Stopwords and word frequency¶
Let's count the frequency of the words in the Wikipedia Earth page
We use the same function to download content from wikipedia
import requests
def wikipedia_page(title):
'''
This function returns the raw text of a wikipedia page
given a wikipedia page title
'''
params = {
'action': 'query',
'format': 'json', # request json formatted content
'titles': title, # title of the wikipedia page
'prop': 'extracts',
'explaintext': True
}
# send a request to the wikipedia api
response = requests.get(
'https://en.wikipedia.org/w/api.php',
params= params
).json()
# Parse the result
page = next(iter(response['query']['pages'].values()))
# return the page content
if 'extract' in page.keys():
return page['extract']
else:
return "Page not found"
text = wikipedia_page('Earth').lower()
Next, we count the number of times each word is present in the text.
First we split the text over whitespaces and then use the Counter class to find the 20 most common words.
from collections import Counter
# we transform the text into a list of words
# by splitting over the space character ' '
word_list = text.split(' ')
# and count the words
word_counts = Counter(word_list)
word_counts.most_common(20)
Let's remove the stopwords¶
We define a list of stopwords, frequent words that are mostly meaningless and remove them from the text.
# transform the text into a list of words
words_list = text.split(' ')
# define the list of words you want to remove from the text
stopwords = ['the', 'of', 'and', 'is','to','in','a','from','by','that', 'with', 'this', 'as', 'an', 'are','its', 'at', 'for']
# use a python list comprehension to remove the stopwords from words_list
words_without_stopwords = [ word for word in words_list if word not in stopwords ]
We get a very different list of frequent words. Much more relevant to the text.
Counter(words_without_stopwords).most_common(20)
We can generate a wordcloud on the text with the stopwords removed
from wordcloud import WordCloud
# Instantiate a new wordcloud.
wordcloud = WordCloud(
random_state = 8,
normalize_plurals = False,
width = 600,
height= 300,
max_words = 300,
stopwords = [])
# Transform the list of words back into a string
text_without_stopwords = ' '.join(words_without_stopwords)
# Apply the wordcloud to the text.
wordcloud.generate(text_without_stopwords)
# And plot
import matplotlib.pyplot as plt
fig, ax = plt.subplots(1,1, figsize = (9,6))

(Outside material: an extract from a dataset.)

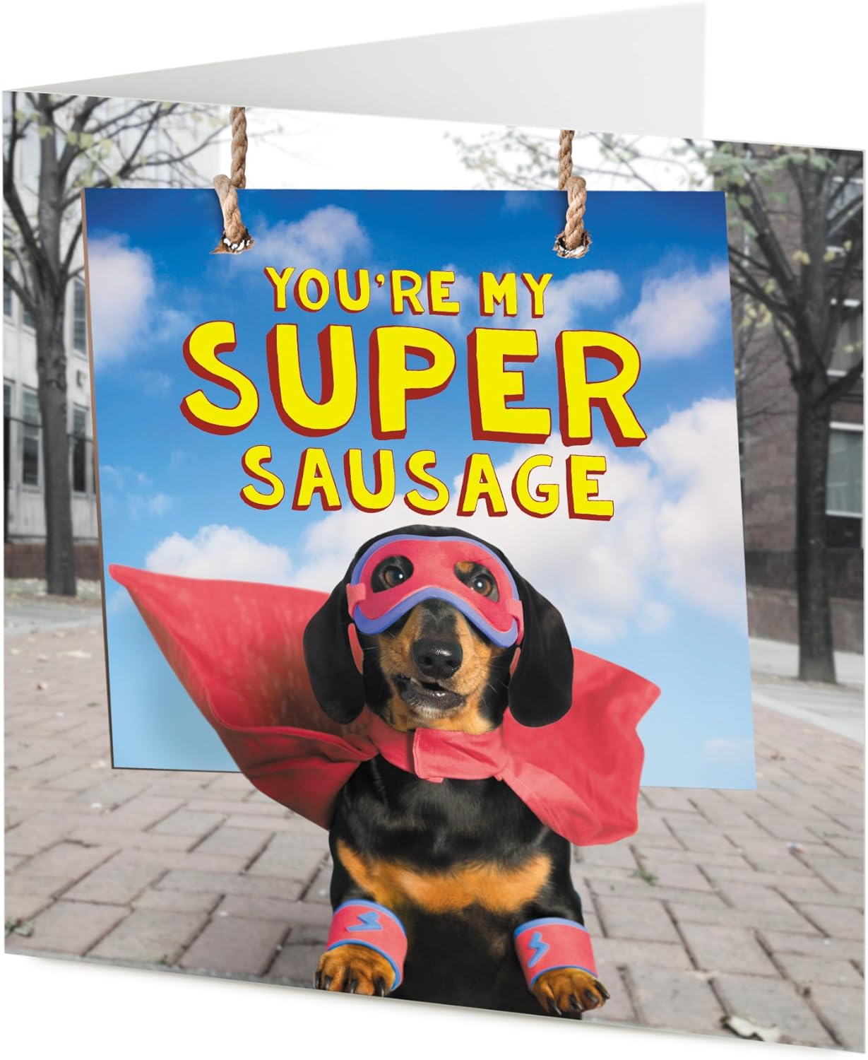 You're My Super Sausage Funny Black and tan Sausage Dog Dachshund Superhero Greeting Card

plt.imshow(wordcloud, interpolation='bilinear')
plt.axis("off")
WordCloud stopwords¶
Wordcloud comes with its own predefined list of stopwords
print(f"Wordcloud has {len(WordCloud().stopwords)} stopwords:")
print()
print(list(WordCloud().stopwords))
More exhaustive lists of stopwords¶
You don't need to use default lists of stopwords. There a couple of github repos that offer much more exhaustive lists.
For instance
- https://github.com/Alir3z4/stop-words has stopwords in several languages
- https://github.com/igorbrigadir/stopwords lists several sources of stopwords.
Zipf's law¶
Looking at the frequency of words from the original text we notice a pattern.
The frequency of the nth word is roughly proportional to 1/n. The most frequent word will occur approximately twice as often as the second most frequent word, three times as often as the third most frequent word, etc.
Let's calculate the observed relative frequency of a token:
occurence of the token / occurence of "the"
where "the" is the most common token
and compare it to the inverse of the rank of the token
import numpy as np
text = wikipedia_page('Earth').lower()
word_list = text.split(' ')
word_counts = Counter(word_list).most_common(10)
maxfreq = word_counts[0][1]
print(f" rank word observed frequency ~= Zipf frequency")
for i in range(10):
# print(f"{i+1}) {word_counts[i][0]} \tfreq: {word_counts[i][1] / word_counts[0][1]} ~= {1/(i+1)}")
print(f"{i+1:4}) {word_counts[i][0]:10} freq: {np.round(word_counts[i][1] / word_counts[0][1],2):5} ~= {np.round(1/(i+1),2)}")
Zipf's law is an empirical law observed in multiple domains. The wikipedia article explains it all.